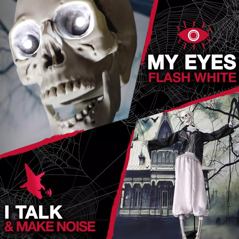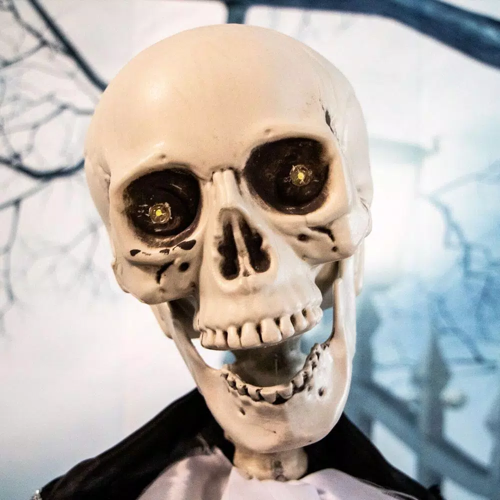 - LIFE-SIZE ANIMATRONIC: Poseable Halloween skeleton is perfect for your indoor or (covered) outdoor decor. Display your animated decoration in a variety of different scary and evil ways at your next party.
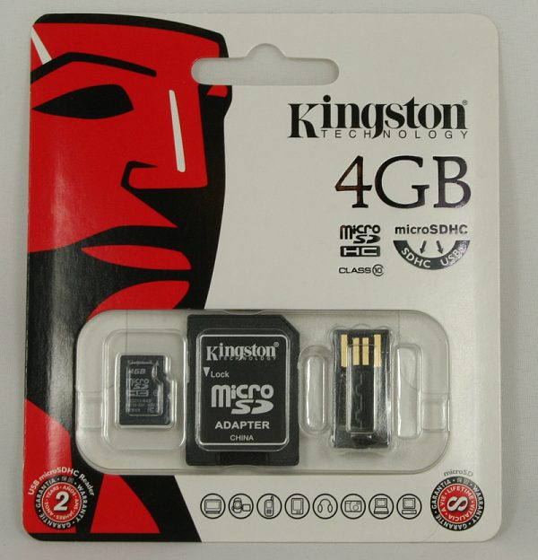 - Kingston Micro SDHC 4GB Class 10+2x adapter
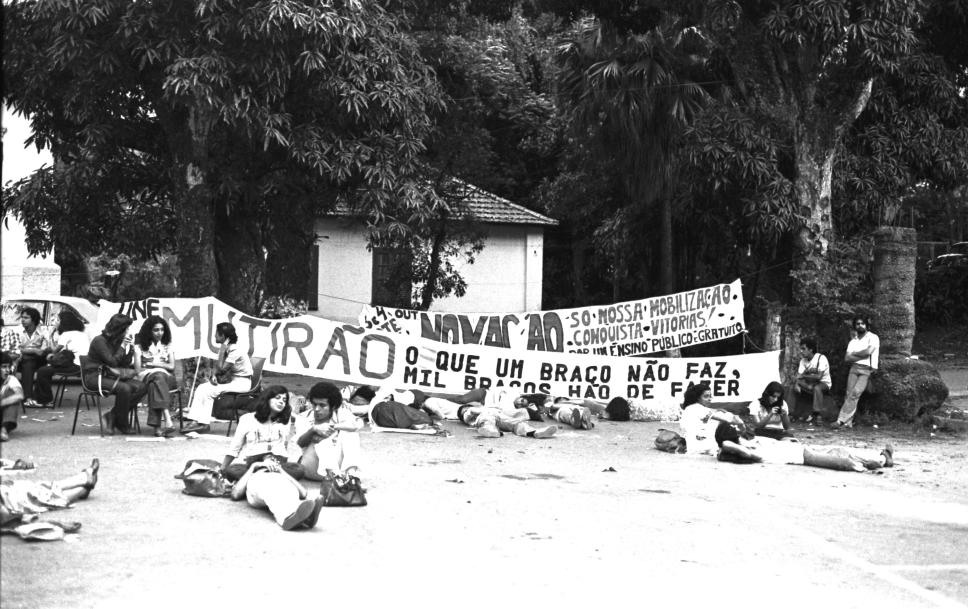 Estudantes aguardam o final da apuração em frente ao Ginásio. Faixas das chapas Novação e Mutirão.
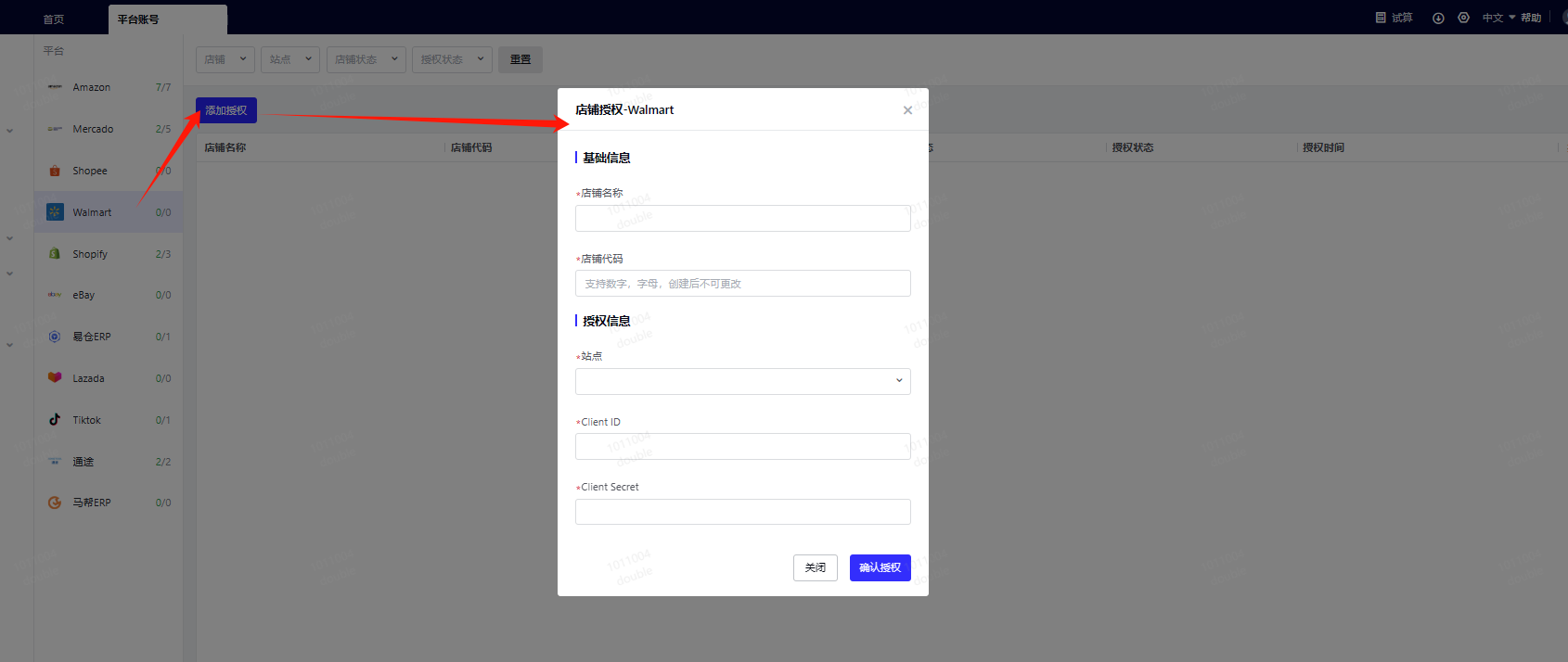 登录OMS系统,进入【系统设置-平台授权】页面,找到Walmart点击【添加授权】。
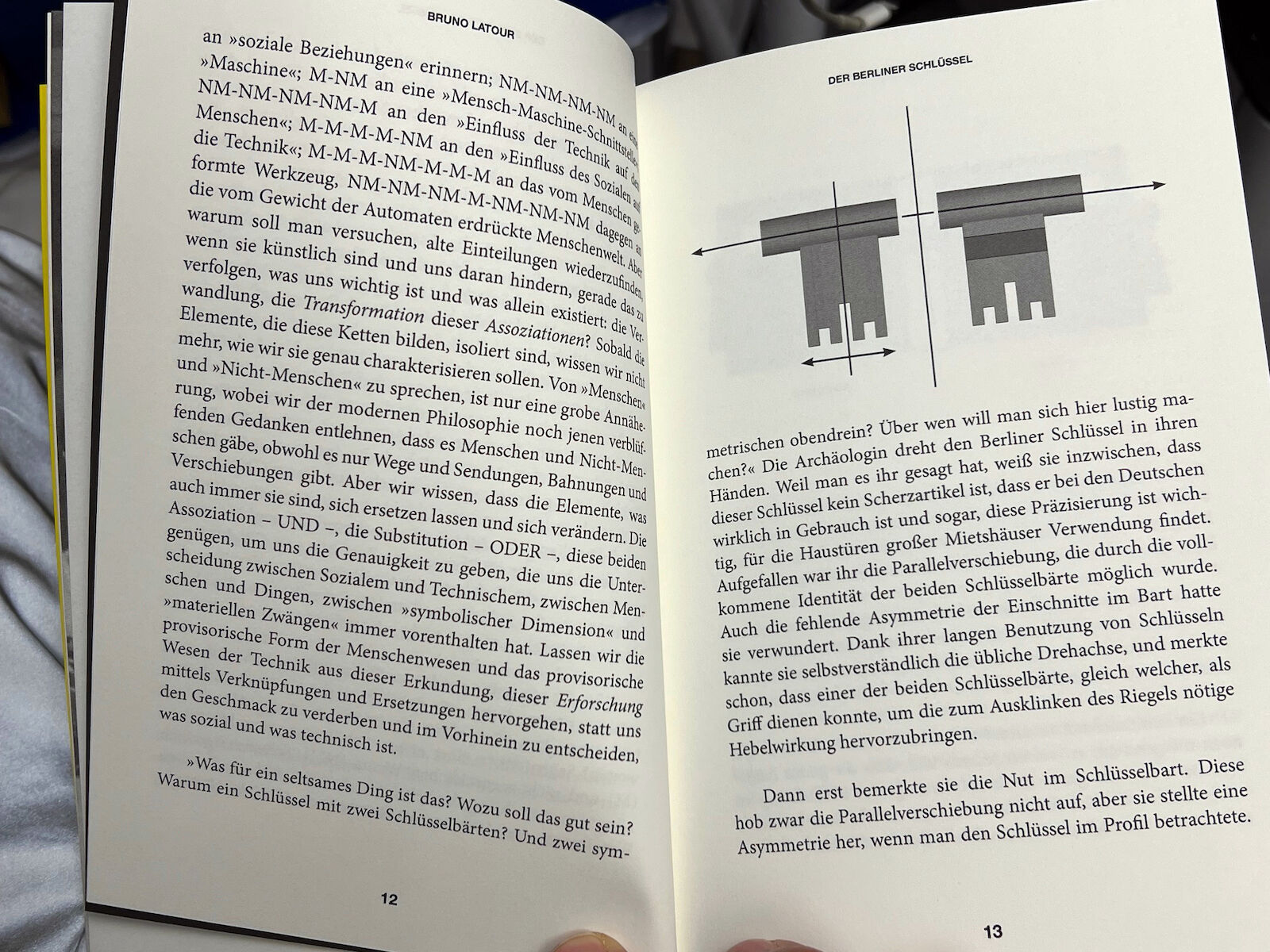 Der Berliner Schlüssel von Bruno Latour liest sich als wunderbar klarer Text, der nicht nur Latours Verständnis unserer Gesellschaft verdeutlicht, sondern gleichzeitig auch einen für viele Berliner alltäglichen und doch mysteriösen Gegenstand bespricht: Diesen Schlüssel mit doppeltem Bart, der vor 100 Jahren
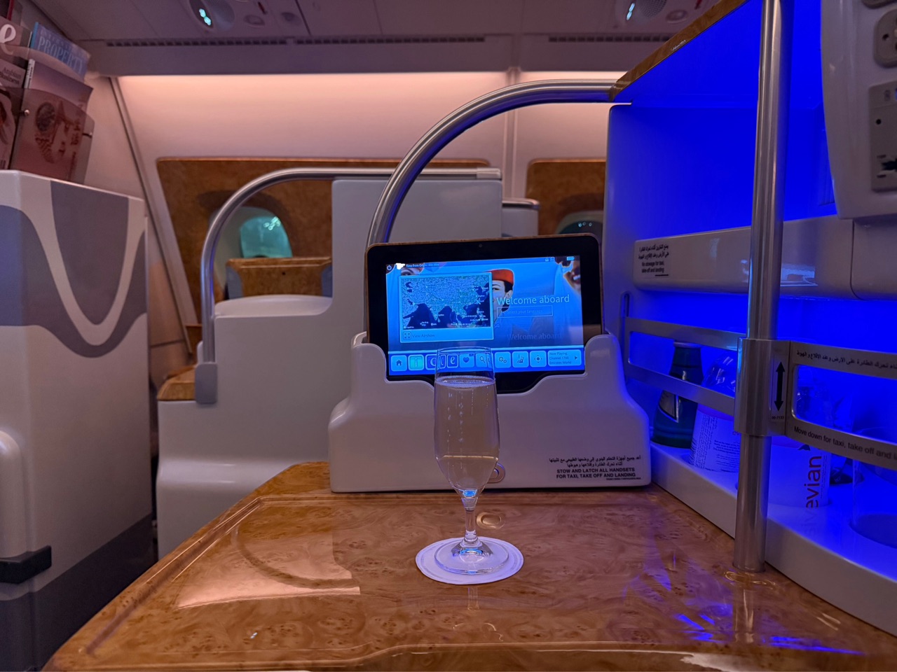 ウェルカムシャンパン。深夜便でも飲む気満々。
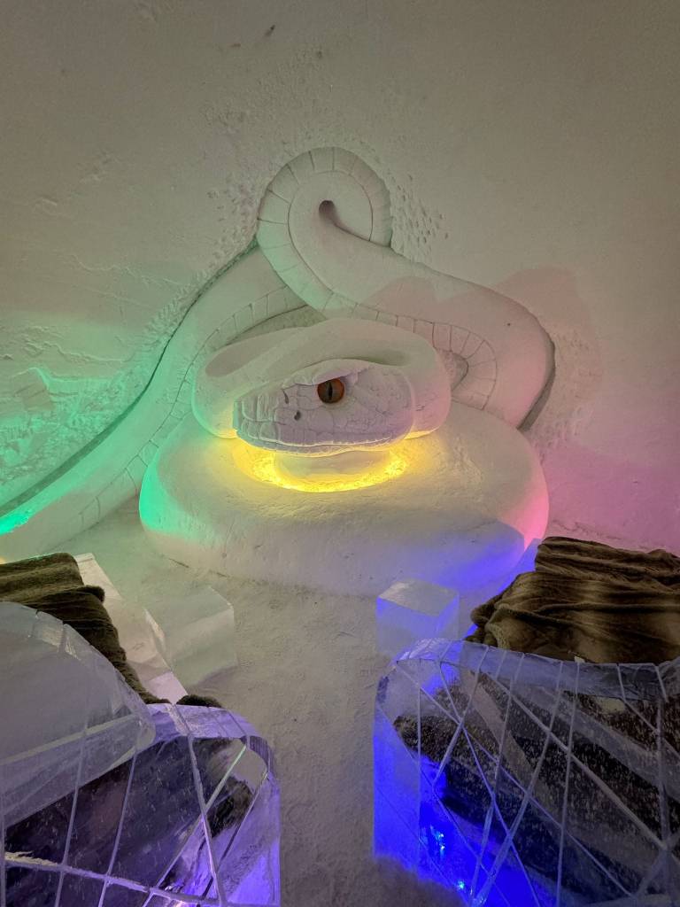 Ripartiamo quando ormai la poca luce è già quasi del tutto scomparsa (quindi circa alle 14:30) per raggiungere l’Arctic SnowHotel, a circa 45 minuti dal villaggio di Babbo Natale, visitabile per 30 € a testa anche se non si pernotta o non si cena lì. Questa volta, a differenza del LumiLinna, è una spesa che consiglio, perchè la struttura e le sculture al suo interno sono incredibili! E’ possibile esplorarlo tutto in autonomia, entrando in ogni stanza e scoprendo che ognuna è caratterizzata da un diverso tema. Consigliatissimo!
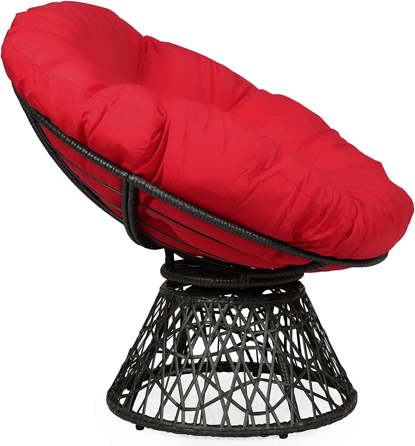 RELAX4LIFE Rattan Papasan Chair, 360 ° Swivel Egg Recliner Chair with Soft Cushion, Indoor Outdoor Rocking Moon Lounger Chair for Living Room Garden Balcony Patio (Red)
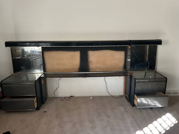 Bedset: headboard, two drawers on each side at top and mirrors (one has small crack) above drawers. Complete headboard has lights across top, drawers (2x3),drawers (1x5). COMPLETE SET $100

→ **What is being asked**
The records above should be retyped in full and exactly; omit the pictures.

→ **Response area**
 - LIFE-SIZE ANIMATRONIC: Poseable Halloween skeleton is perfect for your indoor or (covered) outdoor decor. Display your animated decoration in a variety of different scary and evil ways at your next party.
 - Kingston Micro SDHC 4GB Class 10+2x adapter
 Estudantes aguardam o final da apuração em frente ao Ginásio. Faixas das chapas Novação e Mutirão.
 登录OMS系统,进入【系统设置-平台授权】页面,找到Walmart点击【添加授权】。
 Der Berliner Schlüssel von Bruno Latour liest sich als wunderbar klarer Text, der nicht nur Latours Verständnis unserer Gesellschaft verdeutlicht, sondern gleichzeitig auch einen für viele Berliner alltäglichen und doch mysteriösen Gegenstand bespricht: Diesen Schlüssel mit doppeltem Bart, der vor 100 Jahren
 ウェルカムシャンパン。深夜便でも飲む気満々。
 Ripartiamo quando ormai la poca luce è già quasi del tutto scomparsa (quindi circa alle 14:30) per raggiungere l’Arctic SnowHotel, a circa 45 minuti dal villaggio di Babbo Natale, visitabile per 30 € a testa anche se non si pernotta o non si cena lì. Questa volta, a differenza del LumiLinna, è una spesa che consiglio, perchè la struttura e le sculture al suo interno sono incredibili! E’ possibile esplorarlo tutto in autonomia, entrando in ogni stanza e scoprendo che ognuna è caratterizzata da un diverso tema. Consigliatissimo!
 RELAX4LIFE Rattan Papasan Chair, 360 ° Swivel Egg Recliner Chair with Soft Cushion, Indoor Outdoor Rocking Moon Lounger Chair for Living Room Garden Balcony Patio (Red)
 Bedset: headboard, two drawers on each side at top and mirrors (one has small crack) above drawers. Complete headboard has lights across top, drawers (2x3),drawers (1x5). COMPLETE SET $100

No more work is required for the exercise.